Editorial: Drop in unpaid hospital care benefits everyone
Published 10:17 am Thursday, October 15, 2015
The cost of unpaid care at hospitals has grown alarmingly for decades.
In Mankato, Mayo Clinic Health System has seen all uncompensated care go from $31.5 million in 2006 to more than $70 million in recent years.
Finally, the costs of unpaid care at Minnesota hospitals, and those across the country, are falling.
The Minnesota Department of Health reported that unpaid care fell 6 percent last year as medical centers in the state reported a significant decline in charity care costs.
The decline represents $20 million. (Unpaid care includes charity care, which is either free or provided at a discount to eligible patients, and bad debt, where patients neither pay their bills nor qualify for charity programs.)
The drop in unpaid care comes as the federal Affordable Care Act — Obamacare — has allowed millions more Americans to have health insurance.
The Census Bureau reports that Minnesota’s uninsured rate fell from 8.2 percent to 5.9 percent last year.
The drop in unpaid care is heartening.
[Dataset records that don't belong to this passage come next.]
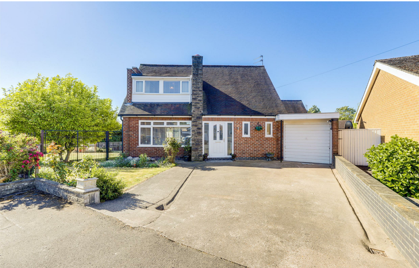
St. Margarets Avenue, Aspley, Nottinghamshire NG8 5GD
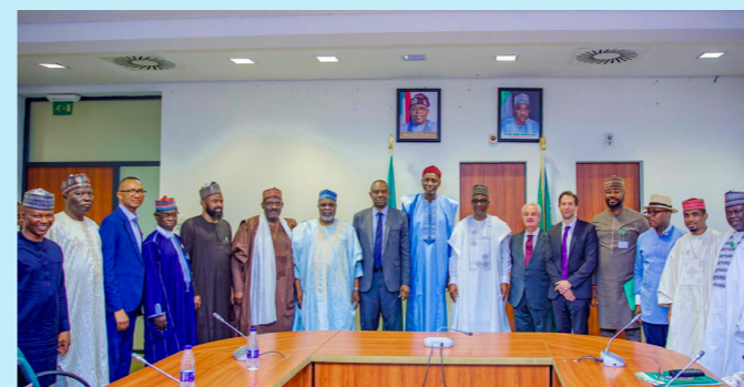
Regional Citizens' Dialogue Program launch in Abuja, Nigeria.
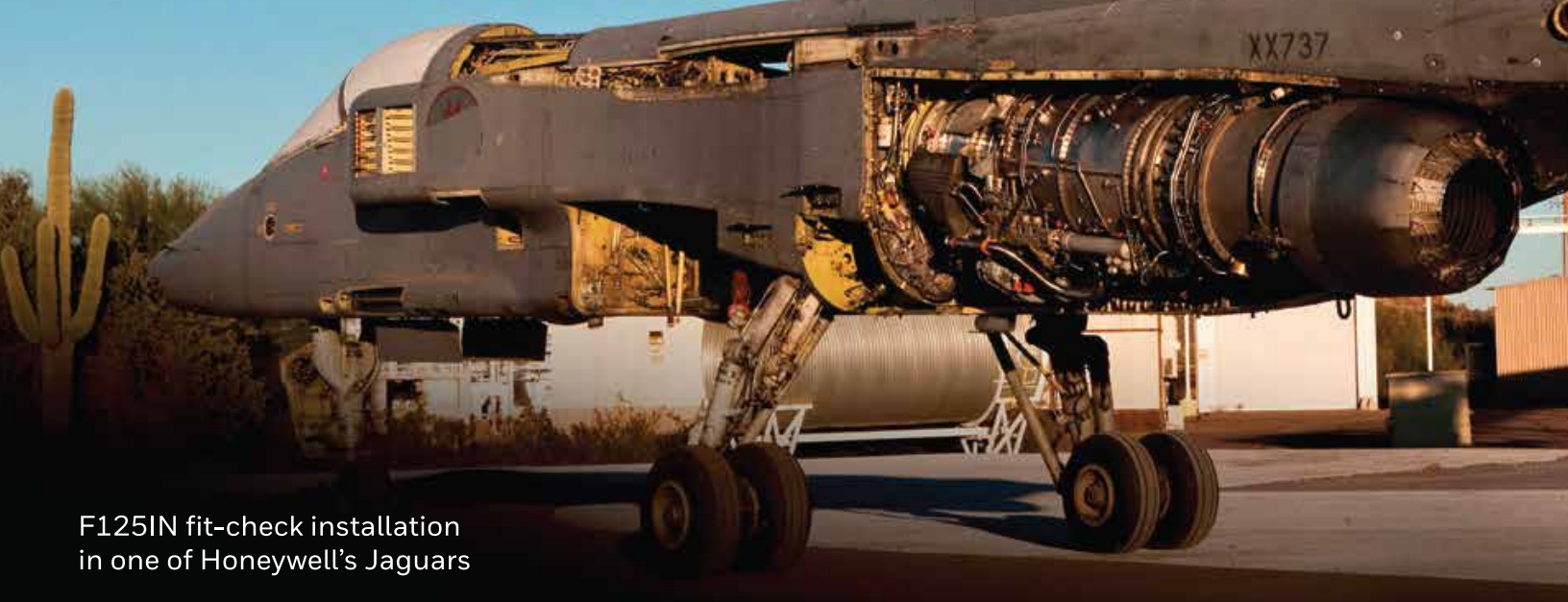
F125IN fit-check installation in one of Honeywell's Jaguars

Allowing more people to have health insurance not only gives them better access to health care but helps ensure they get more routine care and physical exams, both of which can head off very expensive services by catching medical issues earlier.
Those who think hospitals being unpaid for services only affects hospitals’ bottom lines and doesn’t affect the rest of us are wrong.
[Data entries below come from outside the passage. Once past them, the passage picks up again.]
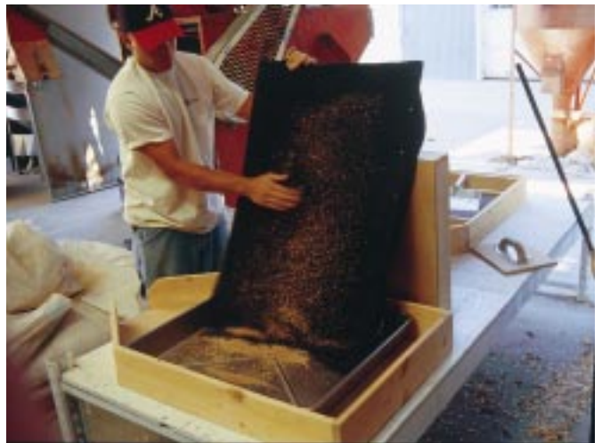
Figure 2. When tossed at a piece of felt, desired Asteraceae seeds fall into a collection pan but unwanted grass seeds, with their prickly appendages, are caught on the felt.
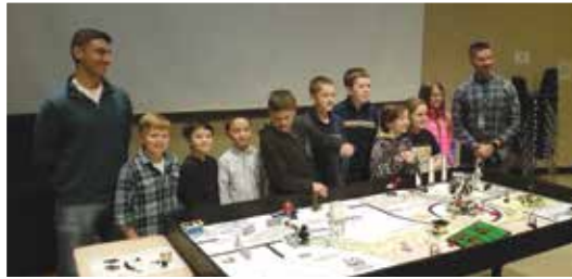
First Lego League Team picture.
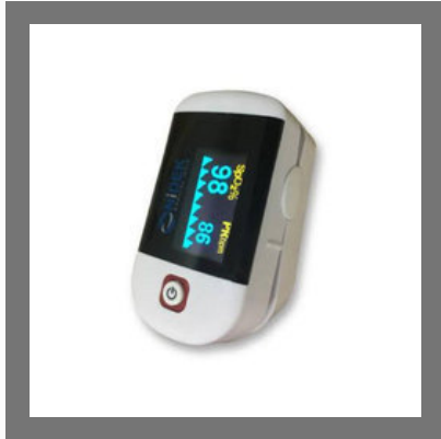
Finger Pulse Oximeter

That unpaid care means hospital prices rise and those with health insurance end up paying more in insurance premiums.
While the report is good news, there are still concerns.
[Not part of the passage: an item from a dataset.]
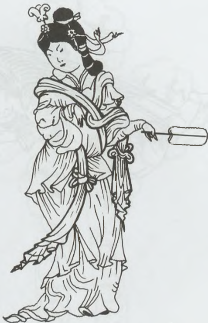
Fig. D. after TSM, Istanbul, H.2153 fol.170r; Islamic Art 1 (1981)
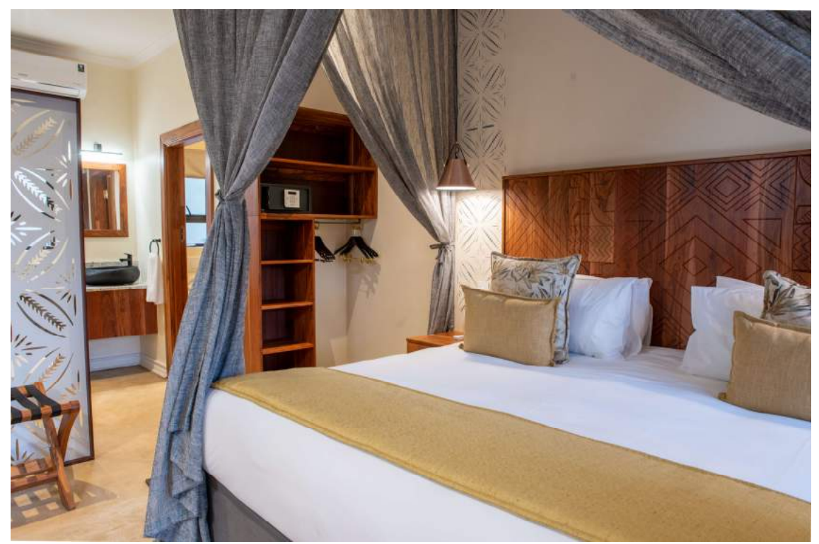
Honey moon suite above with outdoor shower below

While charity care has declined significantly, the amount of bad debt from those who don’t quality for charity care but don’t pay their bills has grown. Officials attribute that to the fact that many people are carrying ever higher deductibles on the health plans and can’t handle the costs of all those deductibles when they do require health care.
To address that problem, hospitals are considering changes to charity care policies to make discounts available to people with very high deductibles compared to their income.
And while more Americans are now insured and unpaid hospital care is falling, the overall cost of health care continues to grow. That threatens access to care, and steps to hold down costs must be a focus.
Still, the drop in unpaid hospital care and having millions more Americans on insurance are testaments to the benefit of the Affordable Care Act.